Thursday, July 17, 2008

If it walks like a duck...

Yesterday was truly a WTF day for Canadian sports fans. First news comes out that the Canadian men’s basketball team has booted its best player because he was, um, well, something—no one is really saying—then the Leafs announce they are giving tickets away (like, free. Seriously. No, not the Intercounty baseball team. Hockey. The NHL. 1967. Those Leafs), then we heard that Ken Read is stepping down from Alpine Canada.

What. The. Flubber.

Like the basketball mystery, Read’s resignation appears to be about more than the official line suggests. It’s rumoured that he’s been battling with the board of directors of Alpine Canada for some time and the emergence of his son as a potential athlete was the perfect excuse to step aside without painting anyone as a bad guy.

Anyone with even a passing understanding of how amateur sports is run (into the ground) in this country will recognize the story line here.

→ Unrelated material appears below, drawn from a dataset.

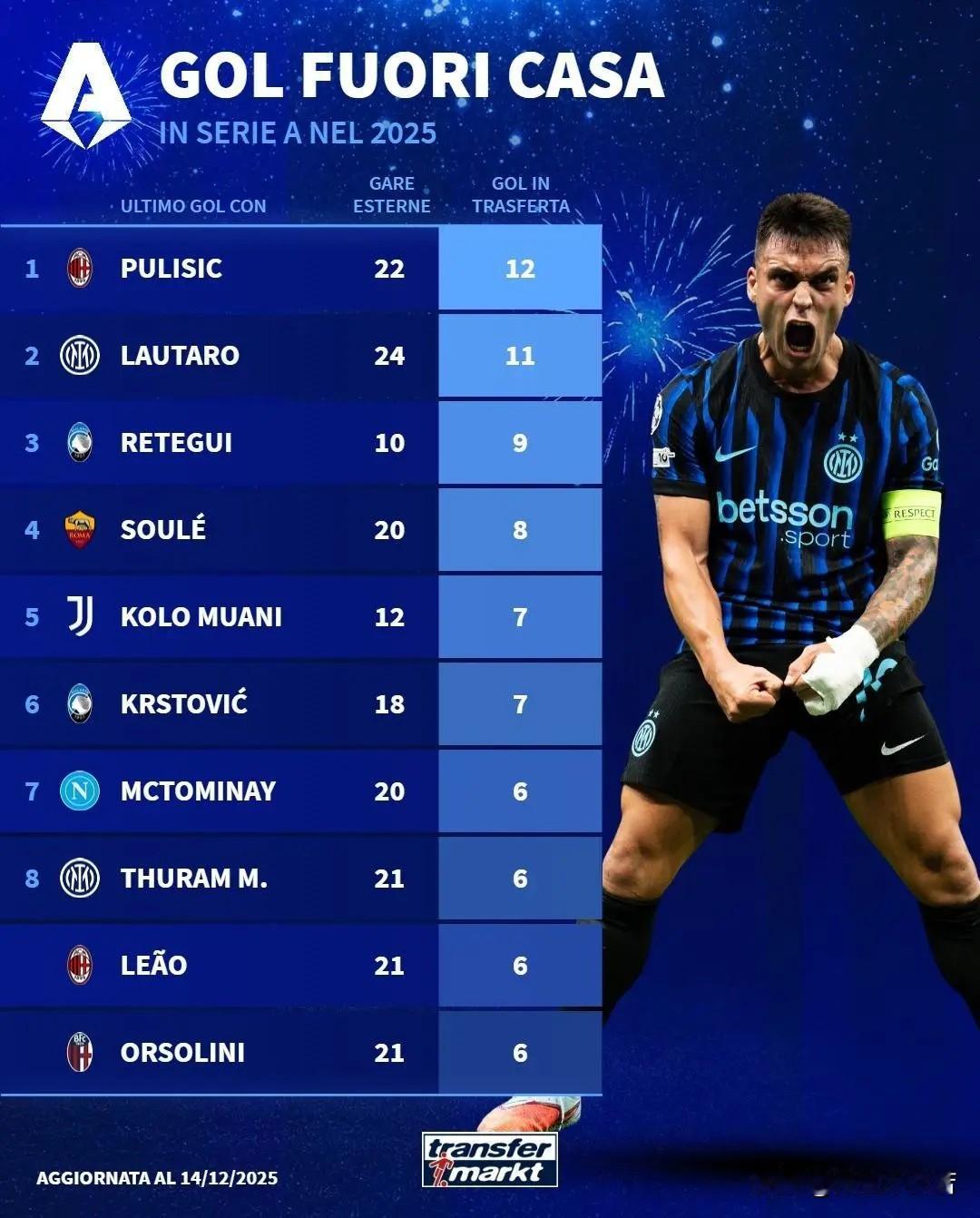 普利西奇!意甲联赛2025年客场进球最多的球员为普利西奇!看了半天我也没理解,普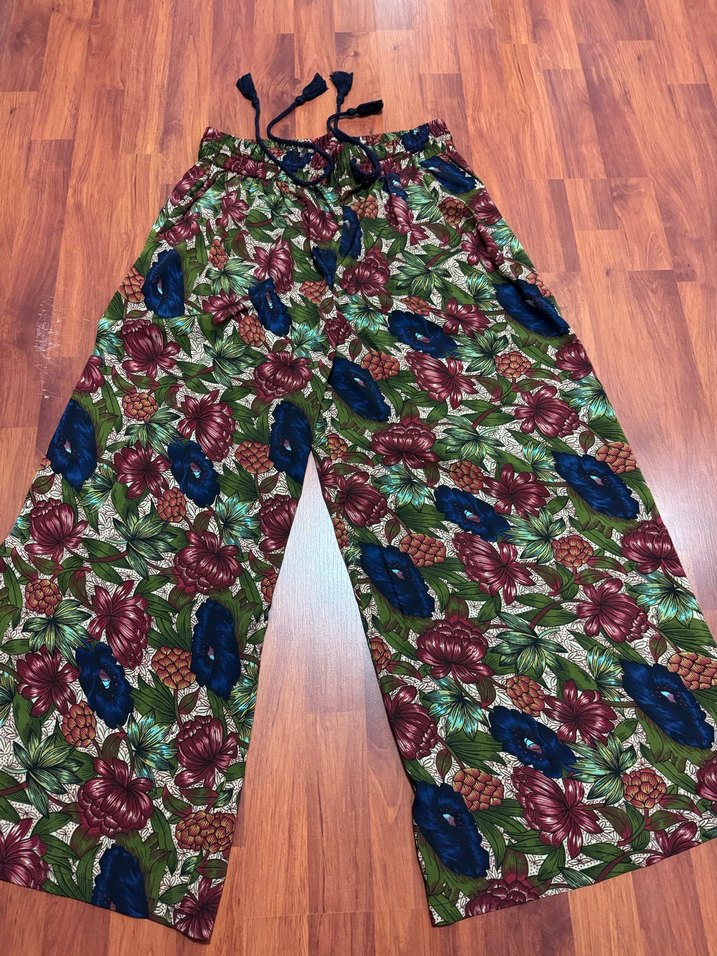 Renkli tie-dye çiçek desenli, bol kesim uzun kadın pantolonu. Sentetik kumaştan, düğmeli ve ayarlanabilir bel detaylı. Günlük kullanıma uygun.

A Board of Directors, made up of volunteers and picked by the provinces, feuds with the professional they have hired to run their organization. You can pretty much bet that there was some kind of petty regional peeing match somewhere at the root of it all.

That’s Canadian sports in a nutshell. Alberta looks after Alberta, Ontario complains that it’s spending all the money and getting none back and PEI has way too much power. A sort of sporting version of the Peter Principle takes place at the BOD level, with a bunch of well meaning (we hope anyway) volunteers, way out of their element, unable to see beyond the concerns of their backyard.

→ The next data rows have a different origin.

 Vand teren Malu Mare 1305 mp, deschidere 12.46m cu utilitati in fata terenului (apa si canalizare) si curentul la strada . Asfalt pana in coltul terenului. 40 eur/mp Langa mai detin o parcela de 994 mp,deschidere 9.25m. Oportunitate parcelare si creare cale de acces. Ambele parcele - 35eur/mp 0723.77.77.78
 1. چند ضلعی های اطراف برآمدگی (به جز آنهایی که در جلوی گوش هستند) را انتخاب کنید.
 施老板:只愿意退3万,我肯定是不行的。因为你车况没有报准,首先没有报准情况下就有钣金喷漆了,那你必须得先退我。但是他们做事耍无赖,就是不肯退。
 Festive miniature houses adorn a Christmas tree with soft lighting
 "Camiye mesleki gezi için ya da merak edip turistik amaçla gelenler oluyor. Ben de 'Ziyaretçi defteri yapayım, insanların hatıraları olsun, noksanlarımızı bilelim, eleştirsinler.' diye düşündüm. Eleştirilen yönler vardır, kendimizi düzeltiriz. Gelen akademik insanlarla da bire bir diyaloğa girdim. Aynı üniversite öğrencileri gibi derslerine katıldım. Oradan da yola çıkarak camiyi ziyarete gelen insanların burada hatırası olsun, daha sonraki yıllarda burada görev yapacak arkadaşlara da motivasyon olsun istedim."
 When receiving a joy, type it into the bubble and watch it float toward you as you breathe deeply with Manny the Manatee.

It truly is a clusterflubber of a situation.

Of course it is possible that Read resigned for the exact reason he suggested. The Blue Jays could make the playoffs too.

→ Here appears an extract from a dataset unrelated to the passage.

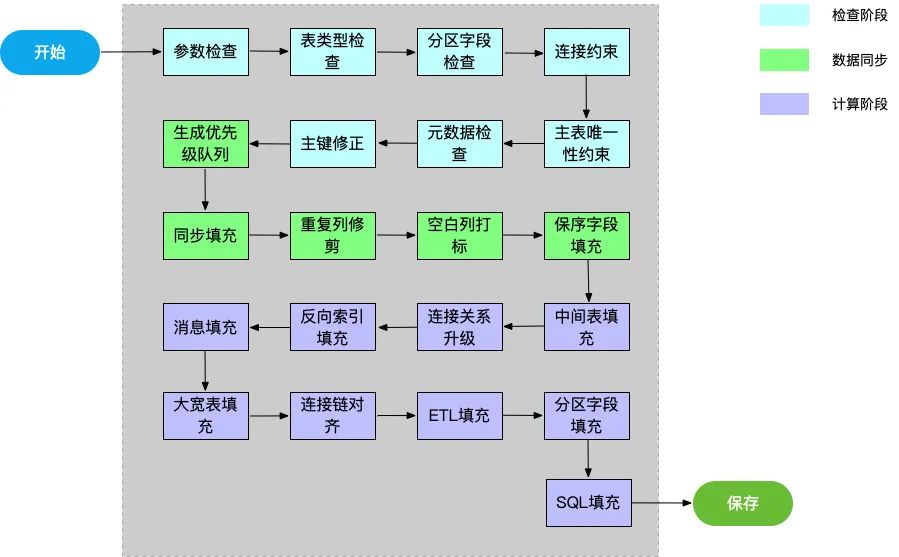 同步填充:填充源表对应的同步阶段HBase表数据,和对应的配置项, 类型转换(比如源表是MySQL表,字段类型要转换为HBase的类型), ETL填充, 添加消息队列(通过发送消息的方式通知下游节点运行)。

In the meantime one of the most promising sport organizations under the COA umbrella has lost a key figure that looked to be leading Canada back to the top of the ski world. Hopefully whoever takes over from Read will have the good sense not to change a single thing he was doing. Otherwise, we could be shaking our heads (again) in 2010 wondering why Canada can’t seem to ever perform when it matters on the Olympic stage.